Although the two cases and the literatures that relate to them are perhaps rather separate, a number of useful cross-fertilizations occur when the problems are juxtaposed. The paper poses a variety of optimization problems for making efficient joins between incoming and outgoing flows at the hub. One particular optimization problem occurs when deciding which spokes may be bridged together allowing for a smoother transfer or more favorable connection from one spoke to another; in essence this converts two (or more) terminating spokes (Case 1) into linked or connected lines (Case 2). In a planning context this might be the problem of deciding which inbound and outbound spokes should be given a favored path through the terminal. Operationally, there are of course logical and physical limitations on the spokes that can be joined: sharp changes in line direction or level being impossible. Spokes, by definition, terminate at the hub (just like wire spokes attached to a hub on a bicycle wheel). However, whenever spokes can be interconnected to form continuous lines, the decision problem would be to select pairs of spokes to join. One variant, with special relevance for Case 2, is whether the spokes contain multiple nodes: invariably such feeder lines have multiple station stops on either side of the transfer station. The distinction between independent and interdependent nodes (such as might occur on regular spokes and feeders respectively) and a distinction between terminating and through lines gives rise to as many as four special cases, of which two are considered here in detail, as shown below.

 

Terminating spokes

Through lines

Independent nodes

Case 1

See Case 1

Interdependent nodes (feeders)

See Case 2

Case 2

The two instances that are not explicitly dealt with (single nodes on through lines, and feeders arriving at terminals) are both useful potential extensions, though they would seem to be readily handled as parts of the two cases that are dealt with. The nodes on through lines for example, lead to expected inter-gate flows, and it seems that whether this is a feeder blending several flows, or a single node, the analysis is basically the same. The case of feeders arriving at terminals is in fact similar to Case 1 so long as the feeder flows are bundled/aggregated appropriately.

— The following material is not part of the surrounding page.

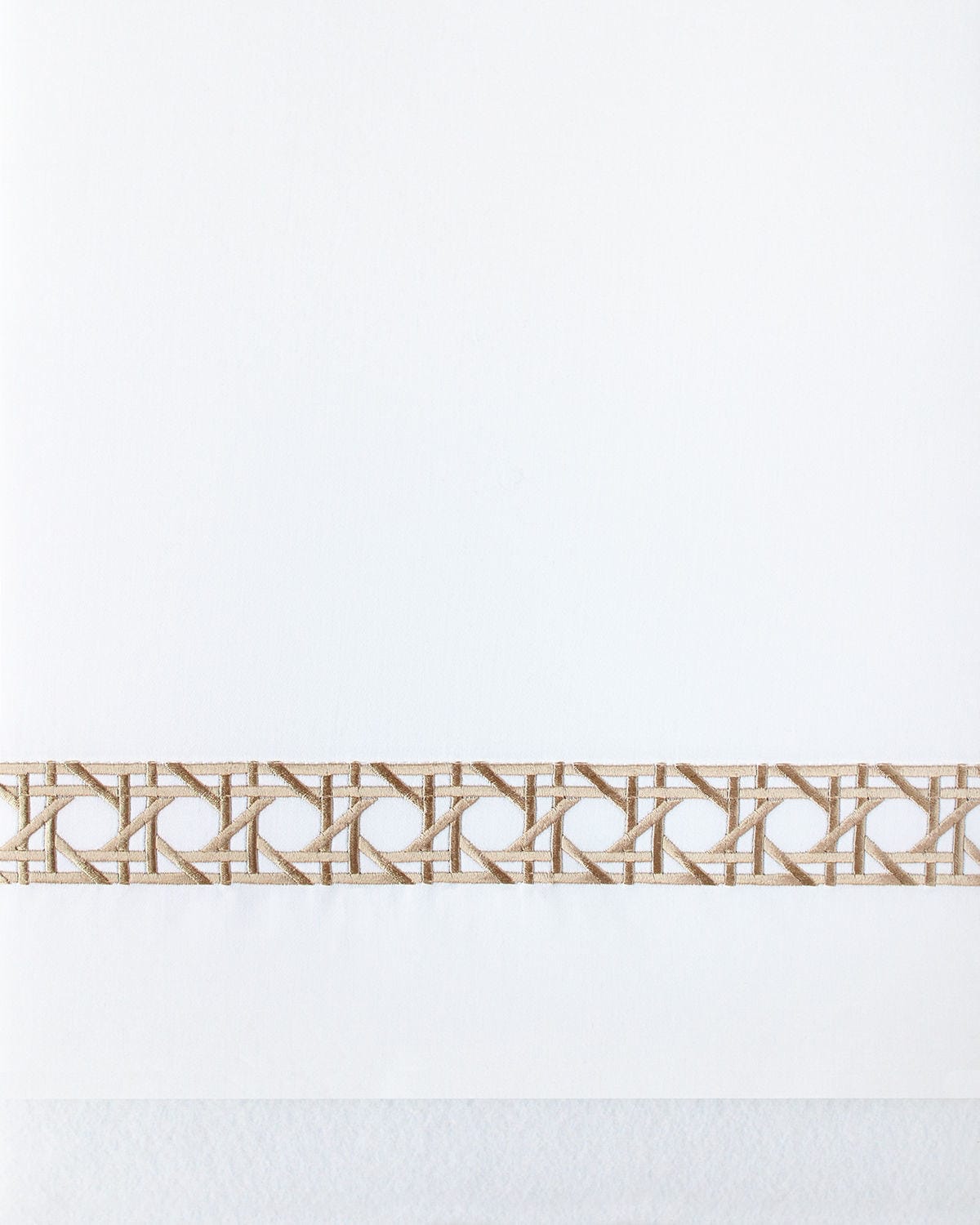 EXCLUSIVELY OURS. 400threadcount pima cotton sheet set with cane embroidery. 4piece set includes full/queen flat sheet, full fitted sheet, and two standard pillowcases. Machine wash. Imported.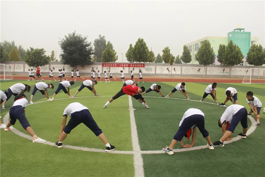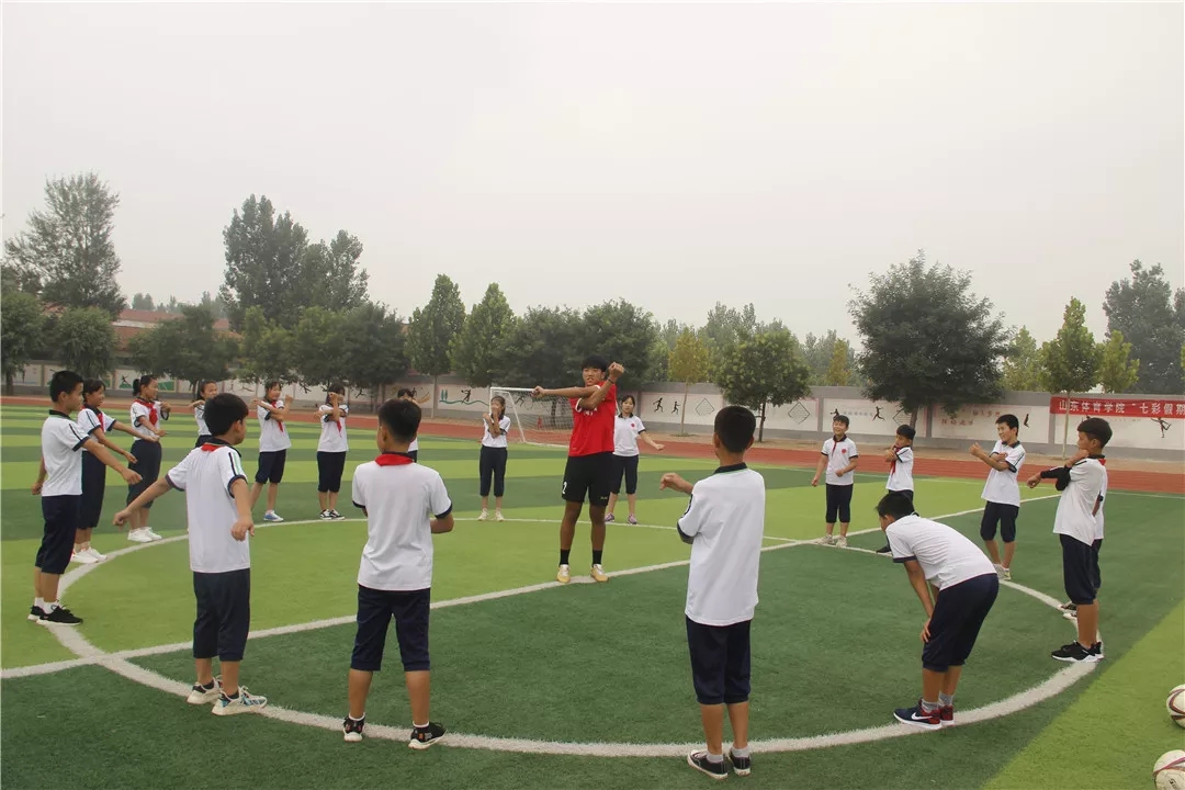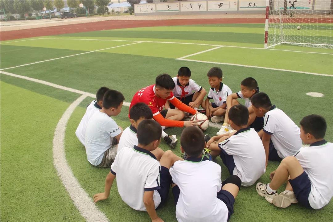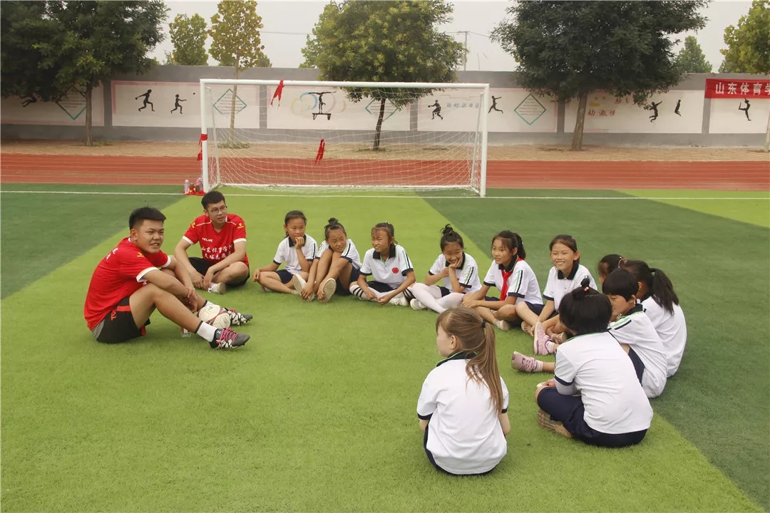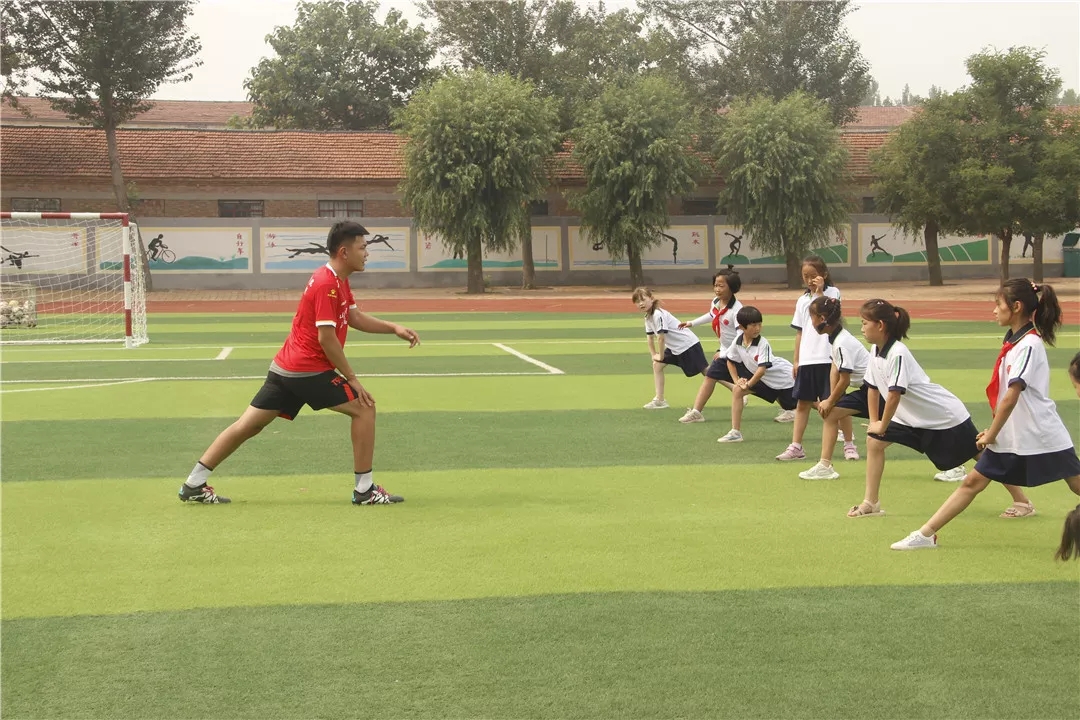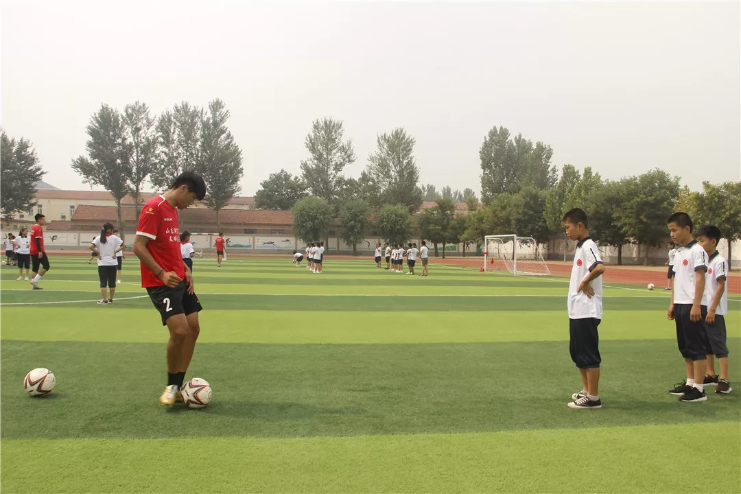 活动启动后,来自山东体育学院的8名支教志愿者,迅速融入到爱心志愿服务之中,迅速投入到支教工作,他们分工明确,利用在学校所学的足球专业知识耐心教导孩子们做游戏、热身、传球、射门等一系列活动,孩子们认真学习,操场上一片温馨。

Thus, while terminating spokes can have independent nodes and several interdependent nodes (as on a feeder line), the primary focus here is on the problem of terminating spokes with single nodes (Case 1). Through lines can also have independent nodes and feeder lines, and in this paper the focus is on the essential problem (Case 2) of through lines with multiple feeder nodes.

3 Related literature

While this paper is not a review of the voluminous research on network routing, some existing papers that have examined parts of the problems outlined above are cited here as an introductory guide to further conceptual development. Kleinrock (1964) simulates the flows in communications networks between lines that join at a central node; the primary focus of his approach is to emphasize stochastic models for queuing. He develops considerable numerical insight into the impact of network structure on the throughput of flows. Kara and Tansel’s (2001) and Yaman et al.’s (2007) work on the ‘latest arrival’ problem is a merger of the hub flow problem and the earlier communications network ideas of Kleinrock. When there are multiple destinations for flows in each inbound vehicle, one cannot dispatch an outbound vehicle until the latest arrival containing material for that destination occurs. In a related case airlines also hold departures to accommodate late incoming connections (Lim et al. 2005). In distinction to this however, one notes that the waves of transit vehicle departures have to adhere to a schedule and so cannot usually wait for the last inbound passenger (i.e. in bus or train networks). The idea of optimally pulsing or organizing the waves of interconnecting paths is beyond the scope of this paper though clearly there is ample opportunity for further research to combine the network concepts here with the large body of literature on optimal transit scheduling (see Chang and Hsu (2001) and Chowdhury and Chien (2002) for representative samples). A recent detailed treatment of the synchronization of flows is in Bobzin (2005).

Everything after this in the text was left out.